The Cuban National Party (Partido Nacional Cubano) was a political party in Cuba. At the very beginning of the 20th century, it was one of the three main political parties on the island. The party favoured independence for Cuba.

==History==
The Party was one of two political groupings (the other one being the Cuban National League) that emerged from the Junta Patriótica in Havana in March 1899. The Party was founded on March 24, 1899, at a meeting in Havana of presidents of patriotic clubs and neighbourhood committees as well as former members of the Junta Patriótica. At the meeting, Enrique Messonier (a former anarchist leader) called for a people's meeting to be held in Havana, to elect a commission to organize the work of the neighbourhood committees.

In agreement with Messonier's proposal, a meeting was held on March 26, 1899. The meeting elected an Organizing Commission of the Neighbourhood Committees.
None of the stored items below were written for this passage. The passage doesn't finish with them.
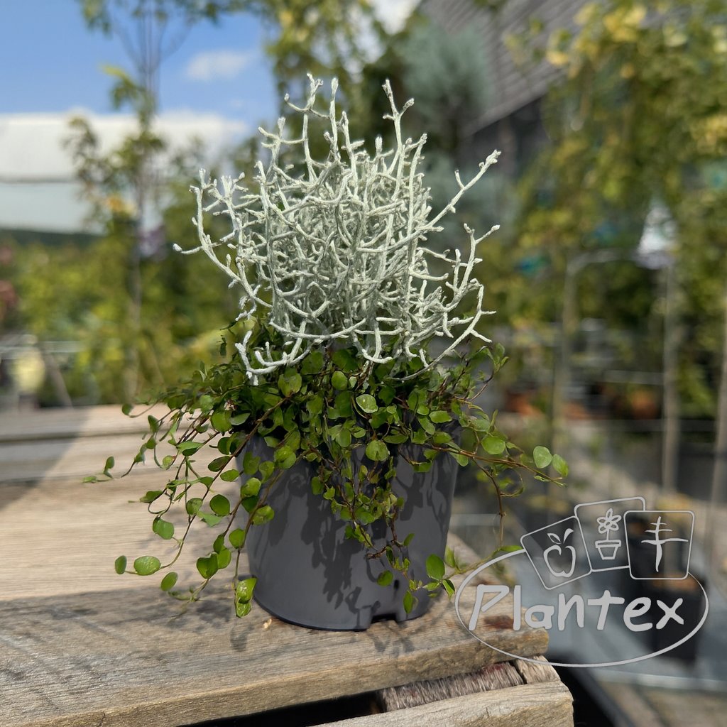 Calocephalus s Muehlenbeckia spolu vytvárajú elegantný kontrast farieb a tvaru vhodný do jesennej výsadby kombinovanej napr. s vresmi. Obľúbený mix na výsadbu v moderných nádobach na terase alebo balkóne.
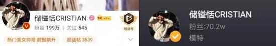 图2 储镒恬CRISTIAN新浪微博和抖音 粉丝数量截图
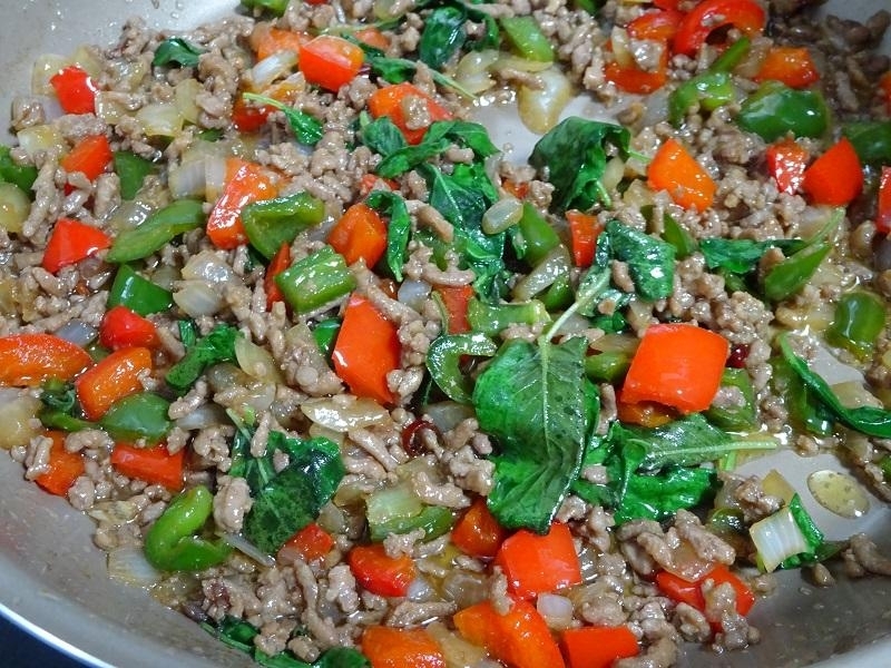 仕上げ用に4~6枚除いたホーリーバジルを加えて、サッと炒め合わせて、火を止めます。
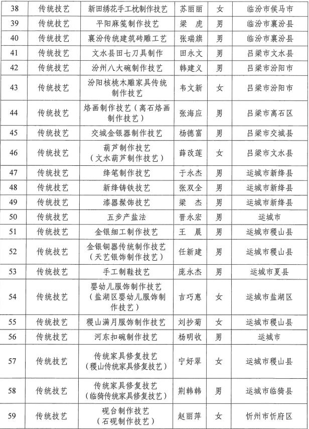 根據《中華人民共和國非物質文化遺產法》《山西省非物質文化遺產條例》《省級非物質文化遺產代表性傳承人認定與管理辦法》的有關規定,按照《山西省文化和旅游廳辦公室關于開展第六批省級非物質文化遺產代表性傳承人推薦申報工作的通知》的要求,山西省文化和旅游廳組織開展了第六批省級非物質文化遺產代表性傳承人評審認定工作。

The Commission consisted of Carlos de la Torre, Enrique Messioner, Francisco Alonso, Alfredo Zayas, Nicasio Estrada Mora, Gabriel Casuso, J. R. O'Farrill, Miguel Verna, Evelio R. Lendián, Cándido Hoyos, José F. Torralbas, Benito Lagueruela, Eduardo González, Pedro Rodríguez, Ernesto Fernández, Antonio González Pérez, Medina Arango, Luis Febles and Ambrosio Borges.
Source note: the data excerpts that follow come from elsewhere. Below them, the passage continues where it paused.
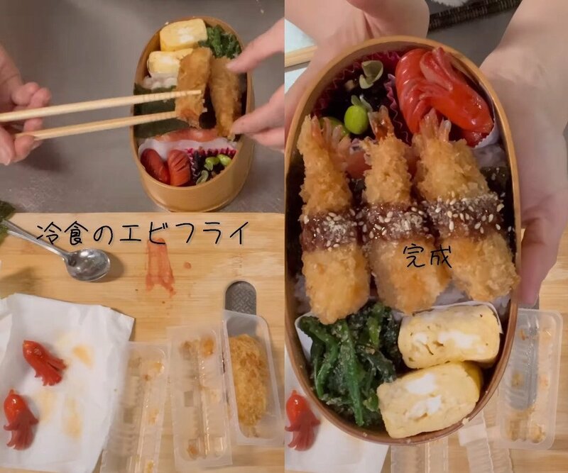 3. 【現役美容師のエビフライ弁当】ご飯の上に「隠れ明太子」
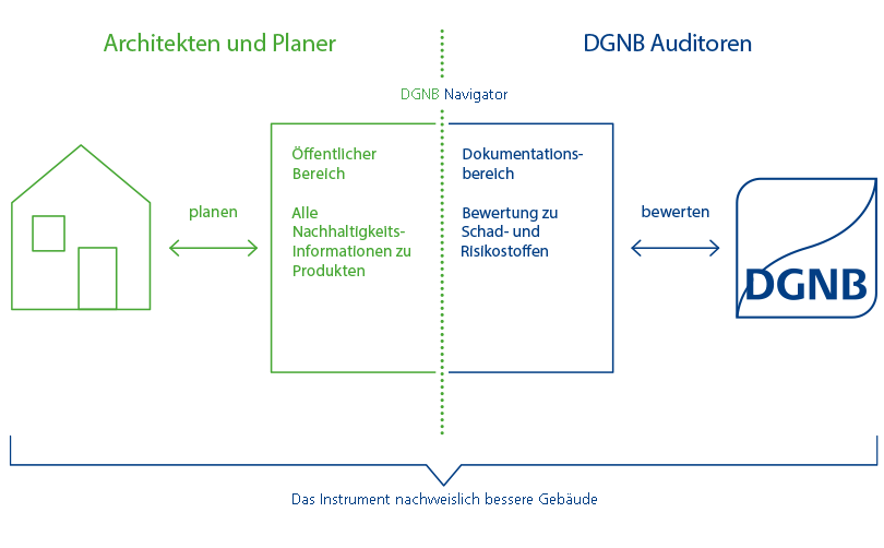 Der DGNB Navigator ist das zentrale Werkzeug, welches bei der Produktprüfung des DGNB System Kriteriums ENV1.2 (Risiken für die lokale Umwelt) Unterstützung leistet. Für DGNB Auditoren wurde ein separater Dokumentationsbereich geschaffen, in dem Produkte gefunden und selbst anlegen werden können und zusätzlich ein Projektbereich zur Verfügung steht.
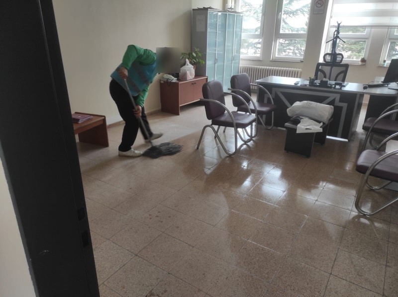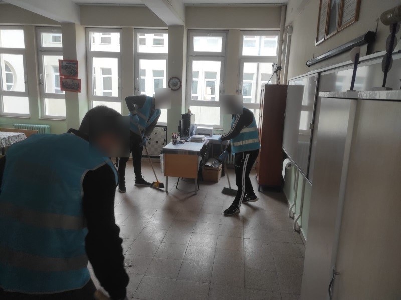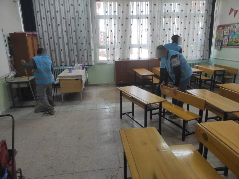 Eskişehir’de ’Kamuya Yararlı Bir İşte Ücretsiz Çalışma Yükümlülüğü’ kapsamında, İsmet İnönü İlkokulu’nda yükümlüler tarafından temizlik çalışması gerçekleştirdi.

The Cuban National Party rapidly became one of the most important political groups in the country at the time. Compared to other contemporary political parties, the Cuban National Party had a broader class base. The party had members from the small bourgeoisie of the province, working class elements and people of color.

In April 1899, the Cuban National League merged into the neighbourhood committees of the Cuban National Party. On April 10, a joint declaration of the Propaganda Commission of the Cuban National League and the Organizing Committee of the Cuban National Party formalized this merger.

At the meeting of the Organizing Committee on May 2, 1899, it was decided that an invitation to form local committees for the party and to distribute the invitation nationwide.

===1900 elections===
In the 1900 local elections, the party won in the capital Havana. Dr. Miguel Gener, who had been supported by the party, became mayor of the city.

Ahead of the September 1900 elections to the Constituent Assembly two adversaries of the party, the Democratic Union Party and the Republican Party of Havana, formed a joint coalition in a bid to defeat the Cuban National Party. Nevertheless, the Cuban National Party won the elections in Havana.

===Dissolution===

In the 1901 presidential election, the Cuban National Party and the Republican Party of Havana supported the candidature of Tomás Estrada Palma for president and Luis Estévez Romero as vice-president. Estrada Palma won the election, as his contender Bartolomé Masó withdrew in protest of fraudulent functioning of the electoral machinery. After Estrada Palma's victory, the Republican Party of Havana became the ruling party in the country, whilst the Cuban National Party was dissolved.